La ordenación política del gobierno mundial: el Nuevo Orden Mundial


El 11 de Septiembre de 1991, George H. W. Bush, el que era presidente de los Estados Unidos, proclama: “Ya hay un nuevo orden a la vista, un nuevo orden mundial.” El discurso en donde está insertado esta frase, así como el aparente absurdo de proclamar esto en aquella reunión, como el tono, la fórmula, los términos, la fecha... indican que esta frase no es tan sólo una declaración pública extraída de un discurso político más. Bush es uno de esos linajes norteamericanos emparentados sanguíneamente con la élite europea; su fortuna familiar se hizo
considerable en el S. XIX, principalmente gracias al tráfico de opio y drogas (negocio que fue continuado en generaciones posteriores). El padre de George H.W., Prescott Bush, era un adineradísimo comerciante e influyente financiero internacional involucrado en la industria bélica. Prescott Bush financió directamente la maquinaria de guerra europea en los años cuarenta (del siglo XX), y muy especialmente, el poderío militar de la Alemania nazi. El propio George H.W. Bush participó como piloto en la Segunda Guerra Mundial, y él fue gloriosamente condecorado por su eficacia asesina en el Pacífico. Bush es un nombre relacionadísimo con el núcleo duro del Partido Republicano, así como con la sociedad más cerrada y siniestra de Yale, y así como con el poderoso CFR. Se trata de una importante familia marioneta del Novus Ordo Seclorum, y no es una casualidad que fuera George H.W. quien anunciara el Nuevo Orden Mundial, así, allí, al fin, y de esa manera.


En efecto: a finales del siglo XX, el Novus Ordo Seclorum adquiere un aspecto solidificado, concreto, tangible. Se trata –con rigor- de un “nuevo orden mundial”, como resultado político de la fuerza infrahumana manifestándose triunfante en todos los aspectos del ser humano. Por lo tanto, el New World Order, tal y como se identifica en el siglo XXI, supone ser tan sólo lo visible, lo formal, la punta del iceberg de un proyecto mucho más complejo que un programa político.

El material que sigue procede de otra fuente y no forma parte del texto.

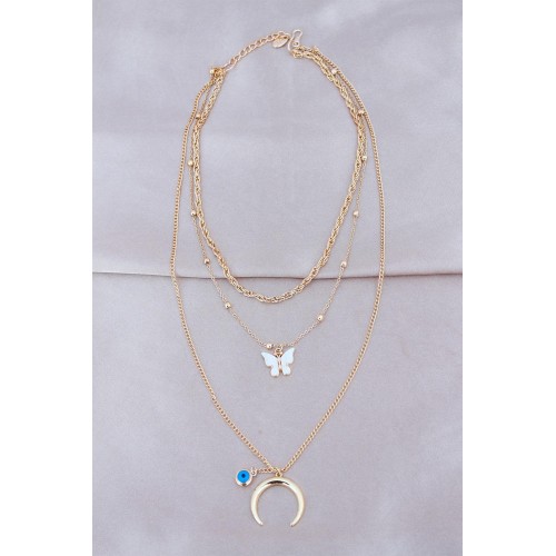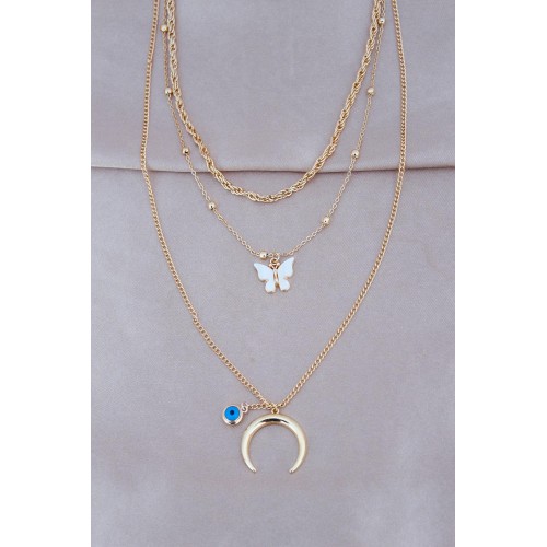 Çoklu Zincir Model Gold Renk Metal Nazar Boncuk Detaylı Sedefli Kelebek Kolye

Sin embargo, no todos los seres humanos ven ni tan si quiera esa obvia punta del iceberg. Esto se debe a mecanismos de control sobre la población que abordaremos más adelante. Por ahora, para cerrar este capítulo que define y contextualiza el objeto tratado a lo largo de todo el libro, se señalizarán algunos puntos clave en el Nuevo Orden Mundial que ya son un hecho en 2010 (año en el que se escribió este libro). Lo más curioso de todo esto es que un alubión de medios alternativos está anunciando actualmente la tendencia hacia estos puntos ¡cuando ya hace veinte, treinta o más años que se han llegado a cotas de incontestable éxito! “La Gran Obra de Todas Las Eras” no acaba nunca. Está concebida para la perpetuación indefinida, para el eterno “perfeccionamiento”... No obstante, si el lector quiere tener una visión de un estado avanzado y harto postrero del Novus Ordo Seclorum, basta con que abra los ojos al mundo que le rodea y reflexione en los siete puntos que aquí se exponen:


1.- La centralización de poder: Ya hemos visto que, a nivel político, el Novus Ordo Seclorum se manifiesta como un proceso de centralización de poder, ya visible en el siglo XIX. Ese “centro” al que tiende a acumularse dicho dominio político es Europa (y por extensión, el satélite del gobierno federal norteamericano) Se trata del llamado Anglo-American Establishment. Lo más terrible de este proceso de centralización de poder es que éste parece no tener límite: es decir, cuanto más centralizado está el poder, más poder existe para centralizar. Resulta así de paradójico: si los grupos financieros europeos ya controlaban el mundo a mitad del siglo XIX, actualmente lo controlan más allá de su totalidad, más allá de su objetivo inicial, más allá de lo que parecería el propio límite de control. Resulta ser así de aterrador. Las naciones y estados soberanos ya cumplieron su papel en este proceso; por lo tanto, su presencia se reduce a la residual utilidad que aún pueden tener para los grupos de poder transnacionales. En la medida en que carezcan de esa utilidad, los estados y naciones molestan, sobran, resultan ya obsoletas. Es por ello por lo que se iniciaron proyectos de unión transnacional (primero a nivel económico, después a nivel político) de los que hay que destacar la Unión Europea. Existen proyectos semejantes al europeo, pero resulta comprensible que el pionero, y el más explícito y evolucionado, sea precisamente la Unión Europea. Actualmente, las naciones europeas son piezas de un mega-estado que aspira a dominar desde Cabo Finisterre hasta la frontera turca, desde el Círculo Polar Ártico hasta Gibraltar. Esta “unión europea” contemporánea no es sino el sueño de Napoleón, de la casa Saxe-Coburg, de Karl Marx, de Adolf Hitler, y de los politicuchos de Maastricht, hecho realidad: una superplataforma estatal que domina el continente que ha servido (y sirve) de base de los elitistas linajes (la “aristocracia”) que articulan el Novus Ordo Seclorum. La tendencia del resto de continentes será esta misma, y todos esos megaestados –a su vez- colaborarán en una centralización global de dicho poder; el loco sueño de la enfermiza ambición aristocrática ya hecho realidad: el gobierno mundial.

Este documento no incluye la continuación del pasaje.